Laura J. Martin, MD
Since Kathleen Huggins was diagnosed with lung cancer last November, doctors have been working hard to try to cure her. Surgeons removed part of her lung and soon she'll begin chemotherapy.
But the 56-year-old New York City resident also benefits from a new type of medical specialty called palliative care. It has its own distinct mission: to relieve suffering and improve quality of life for people with serious illnesses.
For example, Huggins had a large, painful surgical incision in her torso. Her palliative care doctor made sure the pain was managed properly.
"They would constantly ask me what my pain level was and adjust my medication to what I needed to make me comfortable," Huggins tells WebMD.
In the days before surgery, she had prepared spiritually by talking to a rabbi -- a member of her palliative care team. Then right before doctors took her to the operating room, that same rabbi appeared at her bedside.
"She sat there with me the whole time and just held my hand," Huggins says.
A social worker -- also on the palliative care team -- now is helping her with practical matters: obtaining a wig before she loses her hair and arranging transportation for chemotherapy sessions.
Twice each week, she meets with a counselor. This team member helps her to deal with the intense emotions that come with having cancer.
Say "palliative care" and most people imagine cancer patients being made comfortable in an end-of-life hospice setting.

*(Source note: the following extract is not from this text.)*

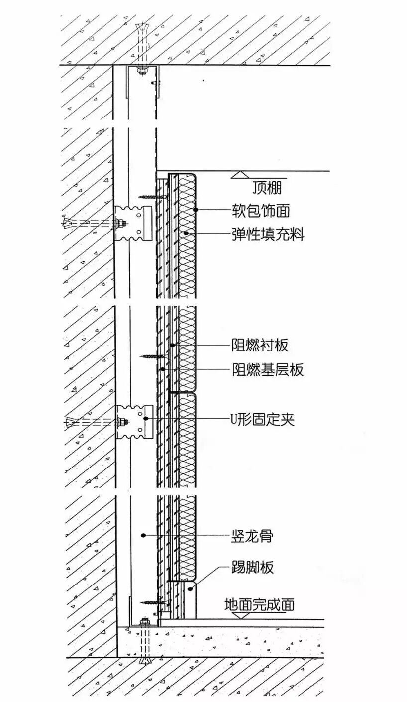 软包并不是简单的把材料往墙上贴,而是由饰面、填充料、阻燃板、阻燃基层、固定夹、竖龙骨等六层材料构成。

But palliative care is actually a new medical specialty that has emerged in the last decade -- and no, it's not the same as hospice. It doesn't serve only the dying. Instead, it focuses more broadly on improving life and providing comfort to people of all ages with serious, chronic, and life-threatening illnesses.
These diseases may include cancer, congestive heart failure, kidney failure, chronic obstructive pulmonary disease, AIDS, and Alzheimer's, among others. "It's the whole spectrum, really," says Joseph Chan, MD, a palliative care physician in Fort Smith, Ark.

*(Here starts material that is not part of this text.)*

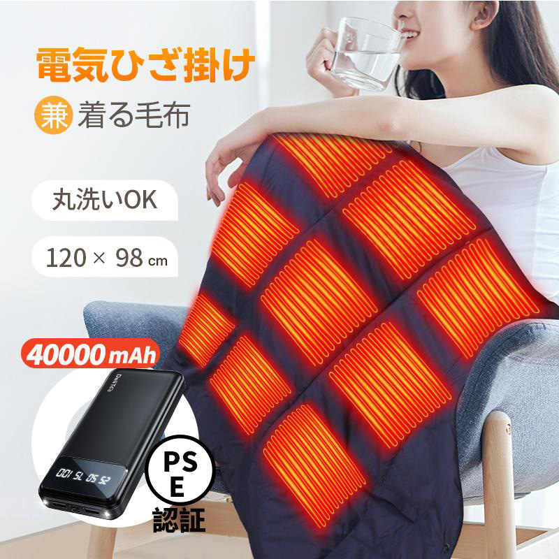「特典 40000mAhバッテリ」電気毛布 電気ブランケット ヒーターブランクケット 3段温度調節 日本製繊維綿 ひざ掛け毛布 新生活 応援

"The vast majority of America's medical schools have palliative care programs and are teaching medical students and residents about palliative care. That didn't occur 10 years ago. There was literally no education occurring on the topic," says Diane Meier, MD, director of the Center to Advance Palliative Care at Mount Sinai School of Medicine in New York City.
Currently, there are more than 1,400 hospital palliative care programs in the U.S., according to Meier. About 80% of large U.S. hospitals with more than 300 beds have a palliative care program, she says. Among smaller hospitals with more than 50 beds, about 55% have programs.

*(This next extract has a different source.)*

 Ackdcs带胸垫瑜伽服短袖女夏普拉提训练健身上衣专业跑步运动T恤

Typically, a palliative care team includes a physician, nurse, and social worker, Meier says. But it often involves a chaplain, psychologist or psychiatrist, physical or occupational therapist, dietitian, and others, depending on the patient's needs.
Patients like Huggins can begin palliative care as soon as they're diagnosed with a serious illness, at the same time they continue to pursue a cure. Palliative care doesn't signal that a person has given up hope for a recovery.
Some patients recover and move out of palliative care. Others with chronic diseases, such as COPD, may move in and out of palliative care as the need arises.
If cure of a life-threatening disease proves elusive, palliative care can improve the quality of patients' lives. And when death draws near, palliative care can segue into hospice care.
When it comes to quality of life, each patient has his or her own vision.
"Each suffering is unique. Each individual is unique, and each family and the dynamics are unique," Chan says.
"There is no generalization and that's the key," Meier says. "Palliative care is genuinely patient-centered, meaning: We ask the patient what's important to them and what their major priorities are. Based on what the patients or the family tell us, we then develop a care plan and a strategy that meets the patient's goals and values."
For some people, Meier says, the goal or value might be to live as long as possible -- no matter what the quality.
"Maybe one in 10 to one in 20 patients don't care if they're on a ventilator and on dialysis for the rest of their life. They're waiting for a miracle and that's what they want," she says. "They understand the odds and that's their choice. And then we will do everything in our power to make sure that their goals are respected and adhered to."
But some patients, such as Merijane Block, care more about the quality of each day. The 57-year-old San Francisco woman was diagnosed at age 38 with breast cancer that has spread to her spine.
"My hope [is] to live as well as I can for as long as I can. Actually, for me, the emphasis is on the wellness. The length of my life has ceased to be as important as it used to be before I was diagnosed with cancer. I always wanted to live to be 100 when I was young and innocent -- like the year before I was diagnosed," she says.
Block's palliative care doctor prescribes a medicated patch for chronic spinal pain that would be debilitating otherwise.
"I have pain all the time, but I'm not living in this state of agonizing pain because my pain is actually well managed," she says.
Although pain management is a major part of palliative care, patients can also seek help with other symptoms such as nausea, loss of appetite, fatigue, constipation, shortness of breath, and trouble sleeping.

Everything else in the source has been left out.